3.) Family of Socialist Laws

 The family of Socialist Laws originated in the Union of Soviet Socialist Republics where there
ideas prevailed and a new law has developed since the 1917 Revolution.
 Their administration is the highest legal authority and predominantly decides how the law
should be created.
 Private Law such as personal laws and law of contract has no space and all law has to be in
the nature of ‘Public Law’ which means that all law deals with State matters or public
matters, such as Constitutional law, Administrative law etc.
 Socialist laws are revolutionary in nature, the proclaimed ambition of socialist jurists is to
overturn society and create the conditions of a new social order in which the very concepts
of state and law will disappear.
 Economic crisis-> immiseration of proletariats-> revolutionary class consciousness-> capture
of state power-> dictatorship of proletariats-> withering away of the state-> communism
emergence.
 Socialist jurists see the state as an apparatus of class domination it follows that the existence
of the state will come to an end simultaneously with the disappearance of classes, i.e., with
the introduction of a classless society in which all persons enjoyed the same position with
respects to the means of production, individuals were equal and interdependent on each
other because the means of production were free and at the disposal of all.
 Marx divides the society into have’s and have’s not, representing the economic unevenness
of the society. The time law and state were born by the ruling class to strengthen and
perpetuate its domination. It can be defined as these series of social norms which regulate
the dominating relationship of the ruling class to oppressed class, in those areas of this
relationship which cannot be maintained without recourse to the oppression wielded by a
sense of social solidarity which will be a collective action, founded in shared beliefs and
values and in itself the state is the organisation of the ruling class which assures its
continued oppression of the oppressed class for the purpose of safeguarding the interests of
the ruling class.
 Law and state have not existed always, there will be dialectical leap in society, this transition
of society with time added changes which resulted from advances in the means of
production and left intact the characteristics of class based society rooted in private
ownership of the means of production. Whether the transition was from slavery to
feudalism to capitalism, the exploitation of subjugated class has been constant.
 The cycle of exploitation is never ending, society will continue to suffer from a fundamental
defect, those who exploit were once exploited and this vicious cycle of exploitation will
continue as long as the means of production has have’s and have’s not, therefore, means of
production must be made collectively owned.

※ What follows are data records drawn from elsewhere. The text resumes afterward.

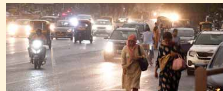
Gusty winds swept the national Capital as parts of Delhi received light rain on Tuesday, bringing respite to people
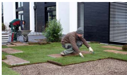
The turf rolls are applied densely over the system substrate.
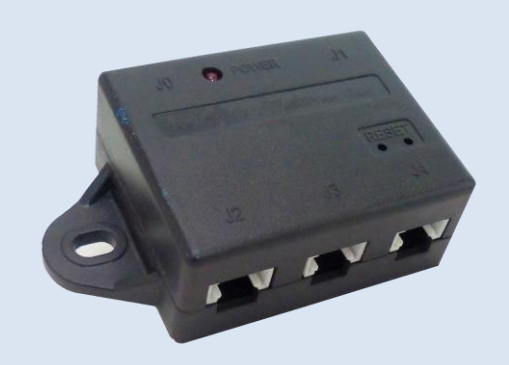
1000-MJM (Multi-Lock Junction Module)

 Engels used the expression “withering away of the state” to describe the disappearance of
the state. In doing this, he stressed the fact that the disappearance of the state will not be
an instantaneous event but a protracted process.
 In this communist society all forms of coercion will be needless and rule of conduct will be
same as in primitive societies where people were intact because of shared values, customs
and forms of habitual behaviours. The sole focus of these societies will public services such
as health, education, transportation, based on equality and economic and social liberty.
Society will no longer be democratic because it is not subjected to rule of anyone.
 Marxism creates the conditions of true freedom for man by teaching him, in the light of a
scientific theory what he should want.